Before you get lost down the data science rabbit hole, take a look at our 3 critical tips on how to learn data science from scratch by yourself faster –
Practicing projects and learning by yourself is the only thing that can make you a data science superhero.
The best way to learn data science is to work on projects so you can gain data science skills that can be applied immediately and are useful from a real-world implementation perspective. The sooner you start working on diverse data science projects, the faster you will learn the related concepts. Even if you blaze through reading a complete book on machine learning algorithms and a topic like linear regression seems straightforward- so even a naïve person could implement it- you will still end up scratching your head when you are given a real-world business problem to implement linear regression machine learning algorithm for the first time. You will think, “wait what is the formula to estimate the coefficients in linear regression? “As the principle of Brain Plasticity states- “Use It or Lose It”, this principle holds true when learning data science. Build a data science project for every concept that you learn through the book or any other online data science resources. If you are not actively applying the data science concepts that you learn, you’ll not be prepared to do the actual data science work on the job. Projects are the best way to learn data science and a great starting point.
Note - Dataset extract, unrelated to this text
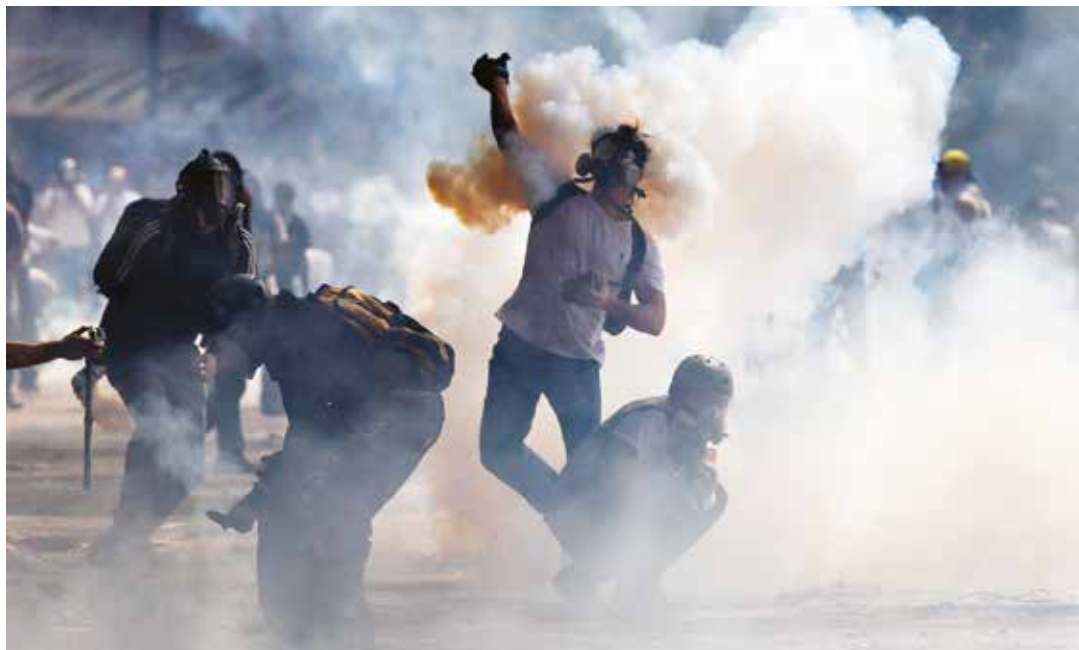
El ataque contrainsurgente se produce con viejas y renovadas tácticas.

Lo que es urgente es que América Latina y el Caribe implementen las medidas necesarias y respondan a la "simultaneidad" operativa de los poderes imperiales, con la solidaridad simultánea de los pueblos nuestroamericanos. "Sí se puede". •

Learning data science fundamentals always should be your priority: the better you understand them, the easier it is to learn other advanced data science and machine learning concepts. Understand the components and concepts that are used in data science instead of jumping onto courses directly. Break each concept into smaller chunks, understand the theory behind it, and put them to practice by implementing them. Grasping the fundamentals is an important step in learning data science, so don’t overlook it. We break down the fundamentals of data science into two core categories: Math and Programming.
Compared to other programming languages, it is preferred to learn Python for data science as it has become the de-facto programming language for analytics professionals followed by R. Regardless of whether you are planning to learn Python or data science or R for data science, here are some fundamental programming concepts that you must grasp –
If any particular math or statistics concept does not make sense to you, be it on the book, or in the class, keep up your confidence and search for other alternate online resources to learn any given data science concept. There are tons of resources online to learn data science for free. Every person learns differently, and just because you’ve not been able to learn a concept through one source does not mean that you cannot learn it. There is a wealth of content online to learn data science be it an explanatory blog, tutorial, video, or podcast that will make the concept at hand crystal clear for you to grasp.
We had the opportunity to talk with Kaggle expert Sharan Kumar Ravindran who decided to share his data science career path with us. Sharan is a leading Data Scientist currently working at Deloitte Australia. He has authored two books on Data Science related topics, with over 2200 copies sold globally and his books are consistently ranked in the top 500 in the Machine Learning specialty category in Amazon. Sharan ranks in the top 1 percentile on Kaggle, the world's largest community of data scientists and well-versed in programming in R and Python. In this interview, he talks about the importance of having a mentor and candidly shares how his mentor helped him shape his data science career.
Can you unpack for us what a Kaggle competition expert is, what are the various levels and how did you achieve being in the top one percentile status?
I would like to begin by informing you that I'm no longer active on Kaggle. I think my last competition was about five years from now. But the points that I received when I was active have helped me to retain my position. My highest ranking was maybe in the top 0.5 percentile and my current ranking is probably between 3-4 percentile. I started participating in Kaggle data science hackathons with the intention to learn. Kaggle is a good platform for anyone who's trying to learn data science from scratch on their own. It really helped me understand the different machine learning algorithms, their applications as well as the suitable datasets to work with various algorithms. As a result of my intensive involvement, I learned things from Kaggle which people gain through experience. I made sure to be actively involved in at least one Kaggle data science competition at any point in time. I would spend at least two hours every day focusing on my learnings from a particular competition. I read almost every post, as well as the discussions on various forums about the machine learning model and the dataset. This helped me to excel not only on Kaggle but also as a data scientist.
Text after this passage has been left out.